* _Source information_:
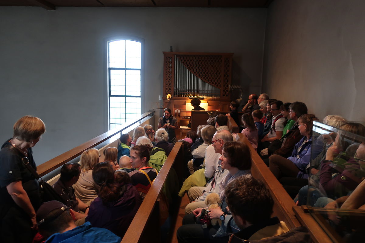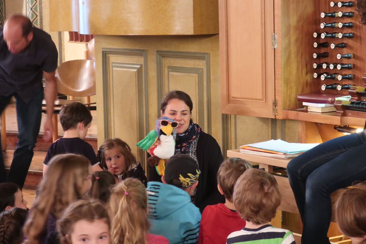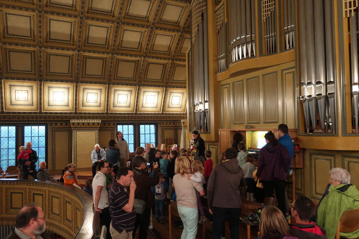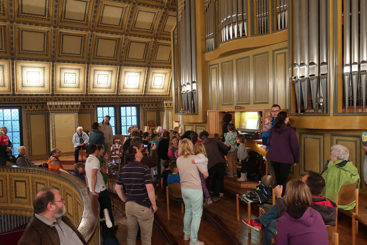 Am Pfingstmontag-Nachmittag haben sich rund 70 Erwachsene und Kinder auf den Weg gemacht, um drei Orgeln im St. Galler Osten zu erkunden. Maja Bösch hat uns die kleine Orgel der Wallfahrtskirche Heiligkreuz, die impossante Orgel der evangelischen Kirche Heiligkreuz und die grösste Orgel des Bodensee-Raums in der Kirche St. Maria Neudorf vorgestellt. Für Gross und Klein war etwas geboten. In der Wallfahrtskirche hat die Orgel ein kleines Mäuschen zum Sprechen gebracht. Die Orgel der evangelischen Kirche Heiligkreuz lies den Papagei abtanzen und in der Kirche St. Maria Neudorf hat die Grösse der Orgel uns den Atem geraubt und einen elefantösen Eindruck hinterlassen. Regina Sala hat gekonnt und beherzt die drei Tier-Begleiter zum Leben erweckt und dank der Kreativität von Christina Hegelbach konnten die Kinder durch's Basteln auch spielerisch in die Wunderwelt der Orgeln eintauchen. Abschliessend haben wir, dem Regen trotzend, den spannenden Tag bei Bratwurt und Vegiburger ausklingen lassen.
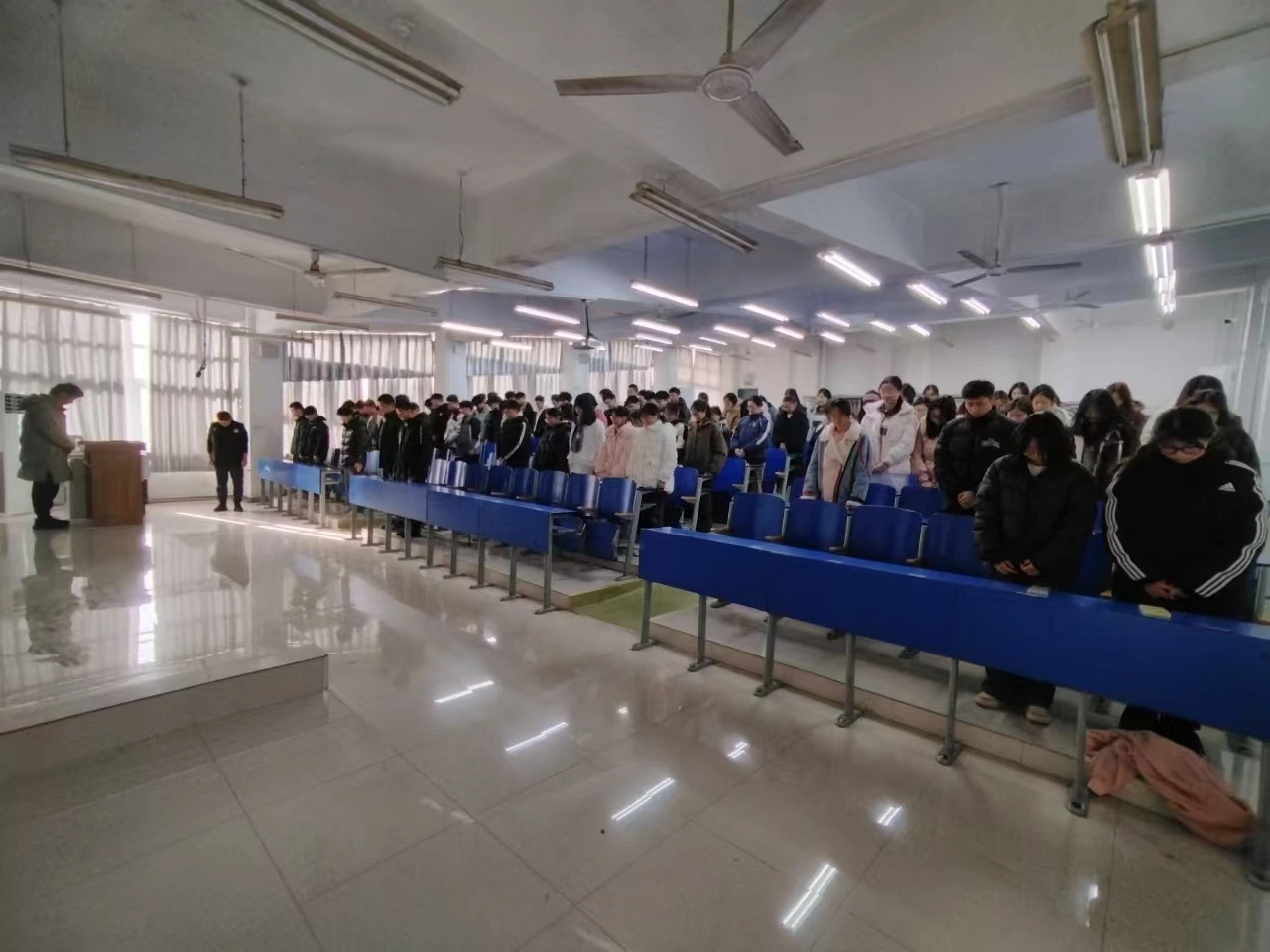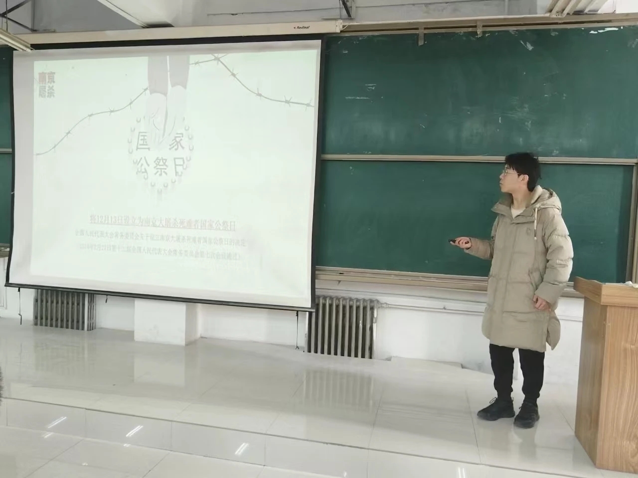 马社敏首先介绍了今天是第11个国家公祭日,强调了国家公祭日的意义。接着从国家公祭日的历史背景、罪恶行径、设置历程、公祭活动以及深远意义等方面展开。那一个个冰冷的数字,展现着往昔岁月里的山河破碎、百姓流离,侵华日军南京大屠杀等惨绝人寰的暴行直击同学们的心灵,让同学们仿佛置身于那段血雨腥风的历史场景之中。随后,入党积极分子代表闫博分享了相关历史故事以及自身感悟,他讲述了南京大屠杀中幸存者们所经历的苦难,那些泣血的记忆、不屈的抗争,无不彰显着生命在战争面前的脆弱与顽强,他呼吁同学们历史不容忘却,那些先辈们遭受的痛苦,应该成为时刻警醒的钟声,激励每一个人守护和平、强大祖国。要将这份悲痛化作学习和前进的动力,努力让祖国更加强大,这样才能避免悲剧再次上演。全体人员起立,为在战争中失去生命的同胞们默哀一分钟。最后,马社敏对本次主题活动进行总结,举办此次活动的意义在于让同学们明白,铭记历史不是为了延续仇恨,而是为了唤起对和平的向往和坚守,希望同学们能从历史中汲取智慧和力量,在今后的日子里,传承先辈们的爱国精神,用实际行动为实现中华民族伟大复兴的中国梦贡献自己的力量。
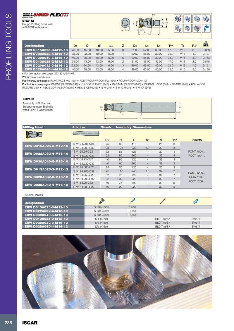 T (1) ERW-M D Rough Profiling Tools with D 1 Ts D3 Rd° a FLEXFIT Adaptation T d i L 5 L6 Designation D 1 D di a p Z D 3 L 6 L 5 T (1) kg Ts R d ° ERW D015A025-3-M12-10 25.00 15.00 10.00 5.00 3 21.00 52.00 30.00 17.0 M12 3.0 0.063 ERW D022A032-4-M16-10 32.00 22.00 10.00 5.00 4 29.00 55.00 30.00 25.0 M16 4.0 0.127 ERW D030A040-5-M16-10 40.00 30.00 10.00 5.00 5 29.00 55.00 30.00 25.0 M16 3.0 0.163 ERW D013A025-2-M12-12 25.00 13.00 12.00 6.00 2 21.00 57.00 35.00 17.0 M12 2.0 0.075 ERW D020A032-3-M16-12 32.00 20.00 12.00 6.00 3 29.00 65.00 40.00 25.0 M16 7.0 0.151 ERW D028A040-4-M16-12 40.00 28.00 12.00 6.00 4 29.00 65.00 40.00 25.0 M16 5.0 0.190 • For user guide, see pages 252-254,461-468 (1) Clamping wrench size PROFILING TOOLS For inserts, see pages: RCMT/RCCT-MO (450) • RCMT/RCMW/RCCW-FW (450) • RCMW/RCCW-MO (449) For holders, see pages: BT-ODP (FLEXFIT) (248) • C#-ODP (FLEXFIT) (248) • CAB M-M (FLEXFIT) (245) • DIN69871-ODP (249) • ER-ODP (249) • HSK A-ODP (FLEXFIT) (250) • HSK E-ODP (FLEXFIT) (251) • RE MB-ODP (246) • S M (245) • S M-C-H (245) • S M-CF (246) ERW-M Assembly of Button and Shredding Insert Endmills D1 d a° with FLEXFIT Connection H L Milling Head Adapter Shank Assembly Dimensions D 1 H L aº d Rdº Inserts S M12-L086-C25 25 60 116 - 25 3 ERW D015A025-3-M12-10 S M12-L200-C32 25 108 230 1.9 32 3 S M16-L95-C32 32 65 125 - 32 4 RCMT 1004... ERW D022A032-4-M16-10 S M16-L230-C32 32 80 260 - 32 4 RCCT 1004... S M16-L95-C32 40 65 125 - 32 3 ERW D030A040-5-M16-10 S M16-L230-C32 40 80 260 - 32 3 S M12-L086-C25 25 70 126 - 25 2 ERW D013A025-2-M12-12 S M12-L200-C32 25 118 240 1.8 32 2 RCMT 1206... S M16-L95-C32 32 75 85 - 32 7 ERW D020A032-3-M16-12 RCCW 1206... S M16-L230-C32 32 90 220 - 32 7 RCCT 1206... S M16-L95-C32 40 75 85 - 32 5 ERW D028A040-4-M16-12 S M16-L230-C32 40 90 220 - 32 5 Spare Parts Designation ERW D015A025-3-M12-10 SR 34-506/L T-9/51 ERW D022A032-4-M16-10 SR 34-506/L T-9/51 ERW D030A040-5-M16-10 SR 34-506/L T-9/51 ERW D013A025-2-M12-12 SR 14-601 BLD T15/S7 SW6-T ERW D020A032-3-M16-12 SR 14-601 BLD T15/S7 SW6-T ERW D028A040-4-M16-12 SR 14-601 BLD T15/S7 SW6-T 238 ISCAR
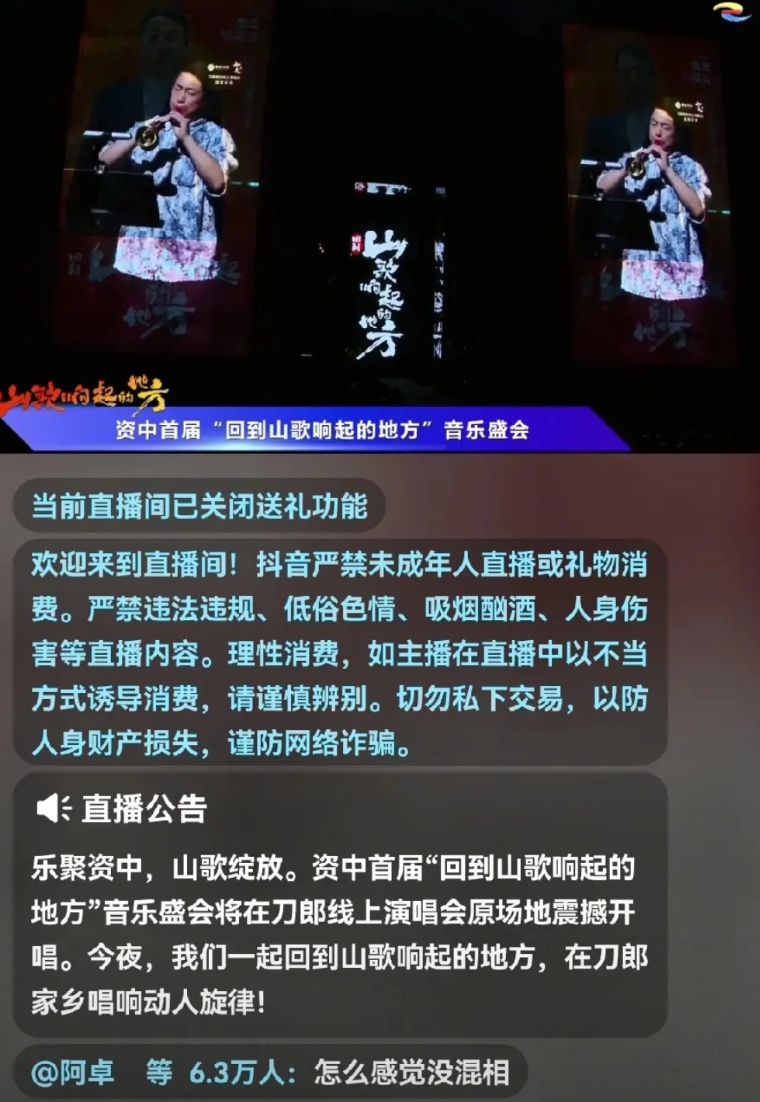 对这场演唱会,刀郎绝对很无可奈何。 回到山歌响起的地方,资中文旅蹭刀郎的流量应该,但似乎有点几不像。 1,舞台上来自全国各地的刀迷,演唱刀郎的歌曲本来是一件非要高兴的事,但主办方却非要搞阶层文化,对观众搞排座次,这未免有点太官方了。 2,可能因为是免费赠票,入场的观众中不一定都是刀迷,他们看得也累,而有些真刀迷可能因无门得票而入不了场,到处刷直播追得也累。 3,资中文旅作为直播的主帐号,几十万人在线,所看的画面似乎都是大场景,很少表演者的特写镜头,拍摄技术还不如观众席里开直播的看得过瘾。 4,这次资中文旅线上直播,关闭了打赏功能,这个到和刀郎的精神完全一致,值得赞赏。
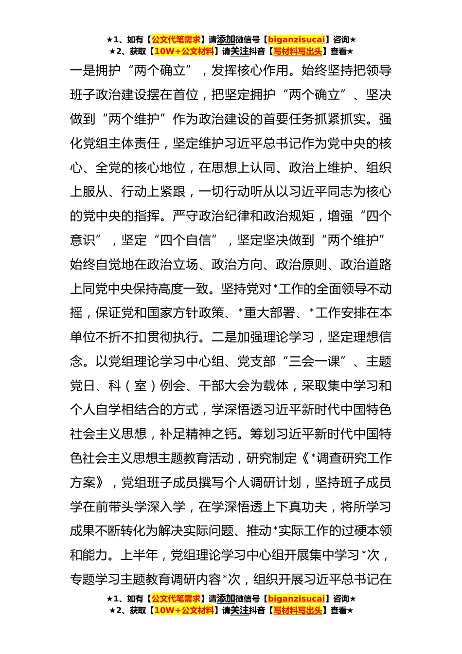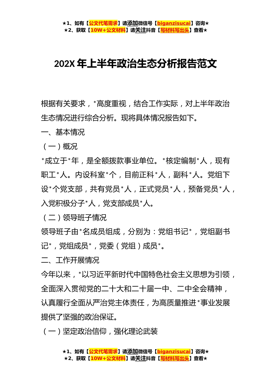★1、如有【公文代笔需求】请添加微信号【biganzisucai】咨询★★2、获取【10W+公文材料】请关注抖音【写材料写出头】查看★202X年上半年政治生态分析报告范文根据有关要求,*高度重视,结合工作实际,对上半年政治生态情况进行综合分析。现将具体情况报告如下。一、基本情况(一)概况*成立于*年,是全额拨款事业单位。*核定编制*人,现有职工*人。内设科室*个,目前正科*人,副科*人。党组下设*个党支部,共有党员*人,正式党员*人,预备党员*人,入党积极分子*人,党支部成员*人。(二)领导班子情况领导班子由*名成员组成,分别为:党组书记*,党组副书记*,党组成员*,党委(党组)成员*。二、工作开展情况今年以来,*以习近平新时代中国特色社会主义思想为引领,全面深入贯彻党的二十大和二十届一中、二中全...
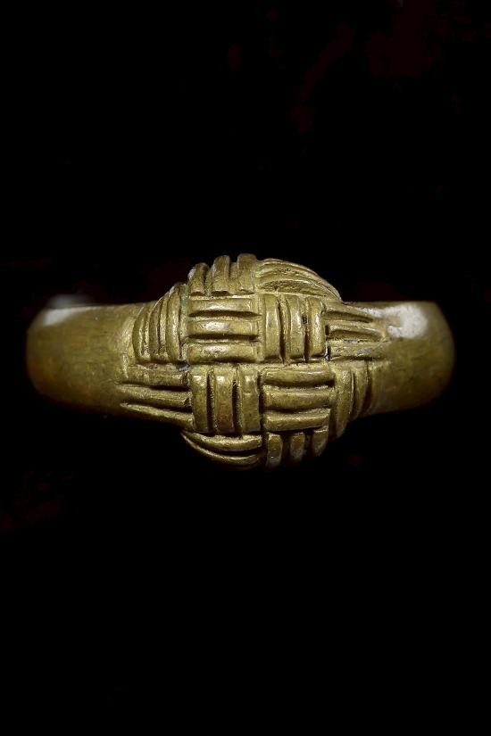 แหวนปลอกมีด *** เนื้อนวะโลหะ**ท่านขุนพันธ์ฯเป็นเจ้าพิธีจัดสร้าง ตอกโค๊ด ด้านในเป็นปิดตาพังพกาฬ |
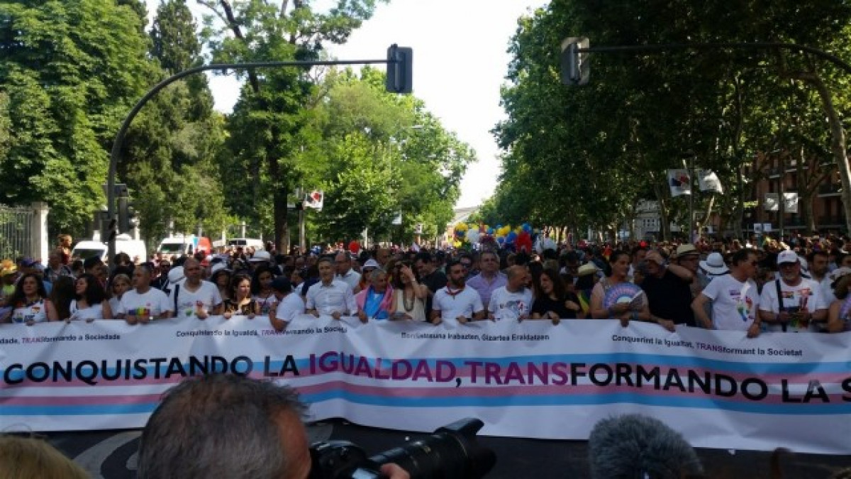 La capçalera, al darrera de la pancarta amb el lema 'Conquerint Igualtat, transformant la societat', en referència a la reivindicació principal d'aquest any: el reconeixement legal al dret a l'autodeterminació de gènere de les persones transsexuals, està sostinguda per representants polítics convidats, entre els quals es troben la ministra de Sanitat, Consum i Benestar Social, Carmen Montón, el ministre d'Interior, Fernando Grande-Marlaska, i la ministra d'Economia i Empresa, Nadia Calviño.
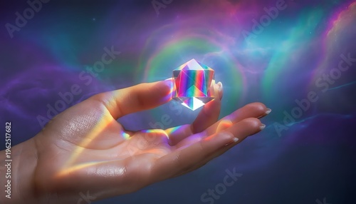 Hand holding a prism refracting light into a spectrum of colors against a colorful background.
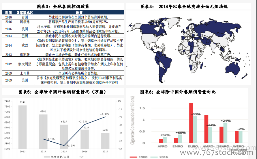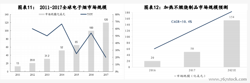 新型烟草市场高速成长:根据世界烟草报告,2017年全球新型烟草制品市场规模约290亿美元,同比增长27.2%。传统电子烟收入120亿美元,同比增加20%。加热不燃烧制品收入50亿美元,同比增加176%。无烟气烟草制品收入120亿美元,与上年同期基本持平。
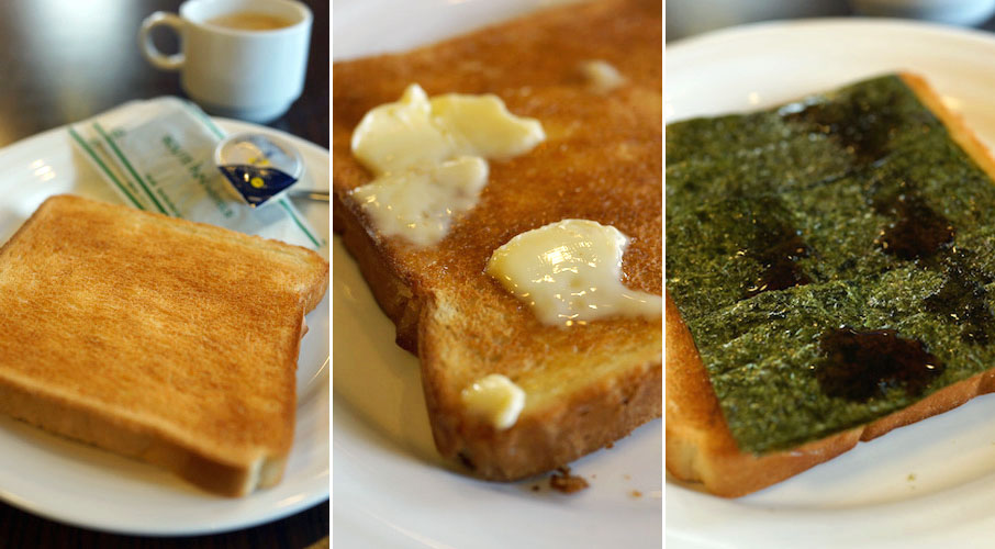 半分に折り、パクリと食べるとカサカサ乾いた食パンに海苔の風味が混ざってなんとも味わい深いオモシロサ。磯辺焼きみたいな味がするのに、あくまで食感トーストで、バターのコクもドッシリしてる。カフェオレ一緒に飲みながら、今日も1日がんばりましょうとニッコリ笑う。さぁ、仕事。
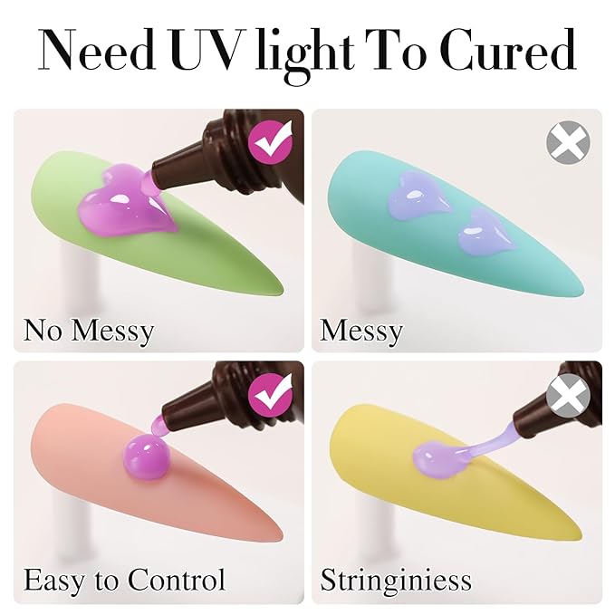 - 3D Sculpting Gel for Nail Art: The needle tube design for molding gel for nails don't need any tools. Simply squeeze and shape directly onto your nails. You can enjoy your nail art design at home with this clear nail sculpture gel. Can Mixed with other nail art products such as natural nails, nail tips, fake nails, false nails, acrylic nails, etc,. Required base top coat, and need to cure under nail lamp.
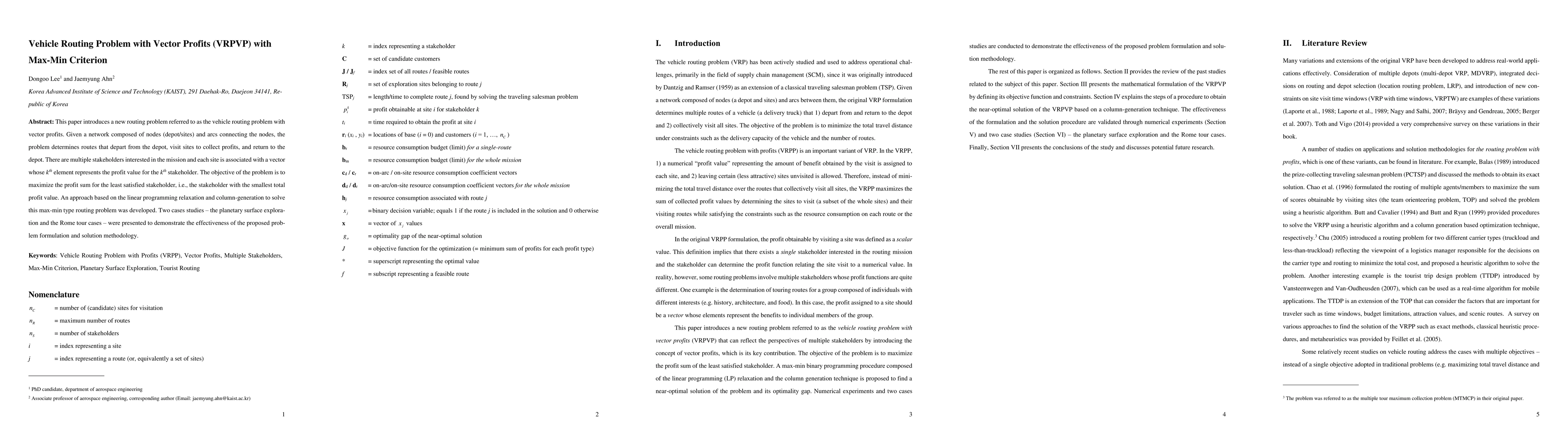 This paper introduces a new routing problem called Vehicle Routing Problem with Vector Profits (VRPVP), which aims to maximize profit for the least satisfied stakeholder while visiting sites in a network.
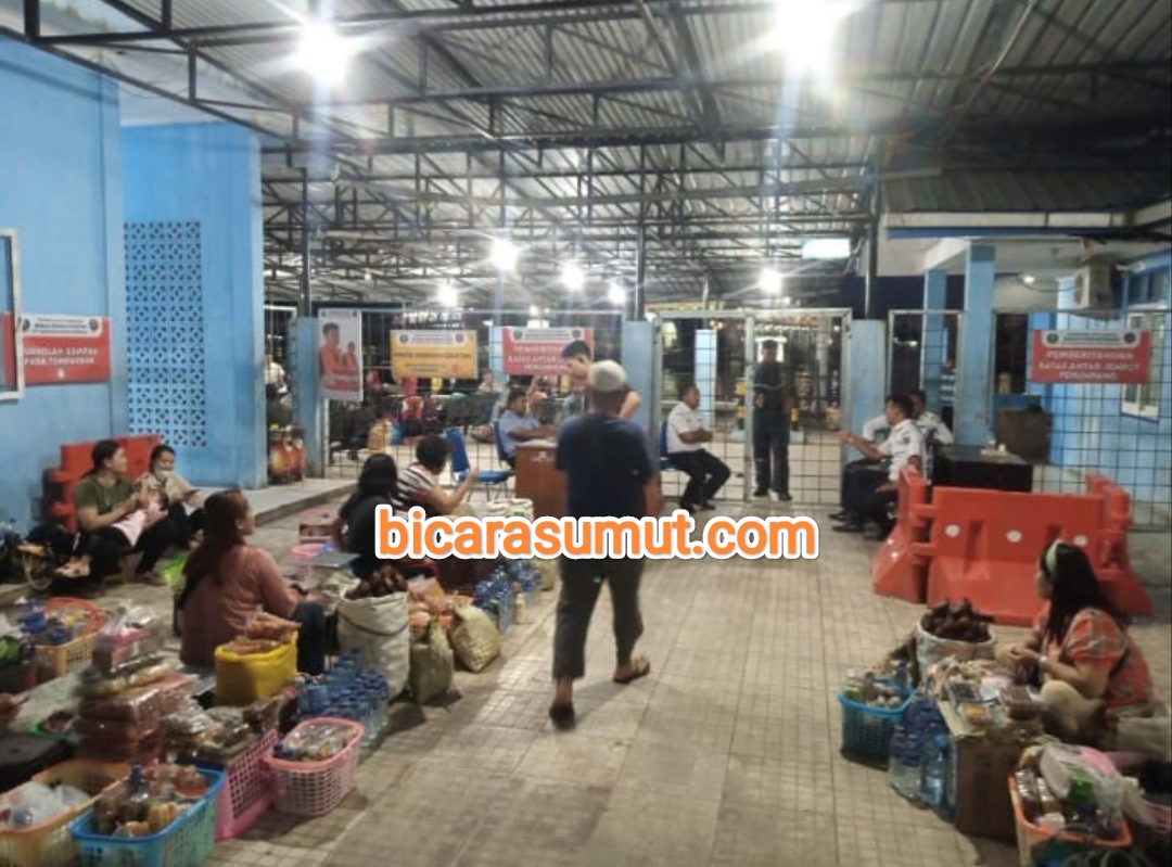 Gambar – Para pedagang yang berjualan didalam dekat pintu masuk ruang tunggu penumpang pelabuhan. SIBOLGA, bicarasumut.com || Kepala UPT Pelabuhan dan Penyeberangan Dinas Perhubungan Kota Sibolg...

* _Task details_: Reproduce nothing but the lines that run from the line containing "半分に折り、パクリと食べると" through the last line of the records, inclusive. Omit the pictures.

* _Solution to the problem_:
 半分に折り、パクリと食べるとカサカサ乾いた食パンに海苔の風味が混ざってなんとも味わい深いオモシロサ。磯辺焼きみたいな味がするのに、あくまで食感トーストで、バターのコクもドッシリしてる。カフェオレ一緒に飲みながら、今日も1日がんばりましょうとニッコリ笑う。さぁ、仕事。
 - 3D Sculpting Gel for Nail Art: The needle tube design for molding gel for nails don't need any tools. Simply squeeze and shape directly onto your nails. You can enjoy your nail art design at home with this clear nail sculpture gel. Can Mixed with other nail art products such as natural nails, nail tips, fake nails, false nails, acrylic nails, etc,. Required base top coat, and need to cure under nail lamp.
 This paper introduces a new routing problem called Vehicle Routing Problem with Vector Profits (VRPVP), which aims to maximize profit for the least satisfied stakeholder while visiting sites in a network.
 Gambar – Para pedagang yang berjualan didalam dekat pintu masuk ruang tunggu penumpang pelabuhan. SIBOLGA, bicarasumut.com || Kepala UPT Pelabuhan dan Penyeberangan Dinas Perhubungan Kota Sibolg...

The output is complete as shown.